It is also important for you to look after yourself. If the disclosure causes you distress, then contact 1800 RESPECT for support and advice or your employee assistance provider.
Self reflection, discussion and debriefing activities
Closing a session in a positive way is critical when dealing with sensitive issues such as consent, violence and abuse. Discussion points and key learnings need to be summarised. Scenarios depicted in videos as provocations, unfinished stories or moral dilemmas should be brought to a point of resolution.
Each video includes self-reflection and discussion questions that should be used as a guide to understand students’ perception of the scenario and to clarify the take-away messages that students have understood from the video.
Selection of media items and order of viewing needs to be carefully thought through so that there is time to complete the activity with an appropriate closure before the lesson ends. Students who express a strong point of view about an issue, may need to be debriefed individually to clarify any misunderstandings and to ensure that the content hasn’t caused them undue distress.
Further support in teaching respectful relationships education
A series of Respect Matters professional learning modules have been developed by Education Services Australia to help support teachers in facilitating and leading respectful relationships education in their classrooms and schools. You can access these modules here on the Australian Student Wellbeing Hub.
Information about The Good Society’s respectful relationships resources
Does The Good Society align with the Australian Curriculum?
All content included in The Good Society has been developed to ensure that it aligns with the Australian Curriculum.
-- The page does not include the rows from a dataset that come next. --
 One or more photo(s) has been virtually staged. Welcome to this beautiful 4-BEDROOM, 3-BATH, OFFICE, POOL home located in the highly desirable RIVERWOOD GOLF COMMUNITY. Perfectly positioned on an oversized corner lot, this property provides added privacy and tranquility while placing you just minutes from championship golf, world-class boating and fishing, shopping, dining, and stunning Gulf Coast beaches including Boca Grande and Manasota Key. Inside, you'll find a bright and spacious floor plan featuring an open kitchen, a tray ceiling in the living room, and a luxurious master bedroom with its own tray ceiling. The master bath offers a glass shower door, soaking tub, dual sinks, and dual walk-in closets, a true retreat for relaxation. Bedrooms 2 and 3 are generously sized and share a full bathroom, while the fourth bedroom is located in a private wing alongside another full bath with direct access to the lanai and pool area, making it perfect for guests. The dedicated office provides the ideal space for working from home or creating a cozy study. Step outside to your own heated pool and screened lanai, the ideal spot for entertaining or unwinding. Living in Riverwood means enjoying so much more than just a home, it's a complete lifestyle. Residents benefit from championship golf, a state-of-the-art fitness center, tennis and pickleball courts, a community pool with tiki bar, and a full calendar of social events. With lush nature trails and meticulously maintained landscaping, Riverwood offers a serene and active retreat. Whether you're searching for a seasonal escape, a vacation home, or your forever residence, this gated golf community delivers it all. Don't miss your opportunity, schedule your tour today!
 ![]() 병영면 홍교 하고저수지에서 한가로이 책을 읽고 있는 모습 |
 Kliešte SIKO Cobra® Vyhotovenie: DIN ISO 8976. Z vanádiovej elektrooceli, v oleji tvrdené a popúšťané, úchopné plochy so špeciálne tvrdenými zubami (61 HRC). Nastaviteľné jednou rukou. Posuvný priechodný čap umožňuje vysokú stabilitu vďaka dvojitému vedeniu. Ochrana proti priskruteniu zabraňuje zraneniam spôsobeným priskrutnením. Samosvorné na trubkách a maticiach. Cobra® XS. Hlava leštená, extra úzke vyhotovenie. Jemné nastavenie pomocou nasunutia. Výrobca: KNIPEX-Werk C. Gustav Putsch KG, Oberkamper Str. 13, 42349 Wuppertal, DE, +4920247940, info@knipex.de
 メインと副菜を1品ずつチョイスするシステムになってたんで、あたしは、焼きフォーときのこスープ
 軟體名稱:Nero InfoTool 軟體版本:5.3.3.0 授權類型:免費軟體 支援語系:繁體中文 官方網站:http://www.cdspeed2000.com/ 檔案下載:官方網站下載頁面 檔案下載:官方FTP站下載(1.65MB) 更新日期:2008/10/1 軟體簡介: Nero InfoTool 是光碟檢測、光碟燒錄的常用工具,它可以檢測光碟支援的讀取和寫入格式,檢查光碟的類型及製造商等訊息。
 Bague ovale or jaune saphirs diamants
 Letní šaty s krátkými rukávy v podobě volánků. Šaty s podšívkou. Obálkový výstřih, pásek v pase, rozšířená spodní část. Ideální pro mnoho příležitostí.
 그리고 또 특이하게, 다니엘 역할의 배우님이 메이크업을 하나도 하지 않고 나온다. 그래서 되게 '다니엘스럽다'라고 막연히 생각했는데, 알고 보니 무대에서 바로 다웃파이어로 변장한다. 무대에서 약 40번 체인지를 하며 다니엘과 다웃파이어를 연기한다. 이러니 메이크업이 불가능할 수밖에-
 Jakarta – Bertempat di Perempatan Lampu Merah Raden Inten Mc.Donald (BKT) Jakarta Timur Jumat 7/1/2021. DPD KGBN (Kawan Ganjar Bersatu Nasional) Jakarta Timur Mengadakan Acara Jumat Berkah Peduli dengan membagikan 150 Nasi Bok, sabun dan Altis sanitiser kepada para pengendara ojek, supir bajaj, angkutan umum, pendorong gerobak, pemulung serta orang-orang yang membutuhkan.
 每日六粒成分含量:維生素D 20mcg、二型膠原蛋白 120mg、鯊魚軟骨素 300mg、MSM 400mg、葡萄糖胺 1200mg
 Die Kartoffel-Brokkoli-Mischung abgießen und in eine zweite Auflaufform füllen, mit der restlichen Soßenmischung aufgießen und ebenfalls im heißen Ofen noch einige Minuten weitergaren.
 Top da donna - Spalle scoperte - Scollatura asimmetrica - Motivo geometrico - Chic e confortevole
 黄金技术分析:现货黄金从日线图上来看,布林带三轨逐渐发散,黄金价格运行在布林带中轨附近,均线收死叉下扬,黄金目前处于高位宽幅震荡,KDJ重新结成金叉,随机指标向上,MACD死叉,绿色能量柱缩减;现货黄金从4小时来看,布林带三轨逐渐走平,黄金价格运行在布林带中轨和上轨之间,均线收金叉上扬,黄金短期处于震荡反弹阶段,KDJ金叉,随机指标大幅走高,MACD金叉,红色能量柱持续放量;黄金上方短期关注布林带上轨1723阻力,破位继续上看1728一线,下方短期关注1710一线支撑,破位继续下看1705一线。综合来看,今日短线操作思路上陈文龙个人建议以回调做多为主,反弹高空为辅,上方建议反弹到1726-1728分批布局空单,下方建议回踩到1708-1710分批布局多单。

You will find curriculum links for each topic within each playlist’s teacher guide.
To learn more about how respectful relationships education is embedded within the Australian Curriculum, you can also consult the Respect Matters Curriculum Connection on the Australian Curriculum website.
What classes should we use The Good Society in?
This resource is primarily suited to Health and Physical Education classes from Foundation to Year 10. For years 11 and 12, The Good Society can be used as part of a pastoral care or extra-curricular program. However, themes in these resources can be brought up in any class or subject where appropriate.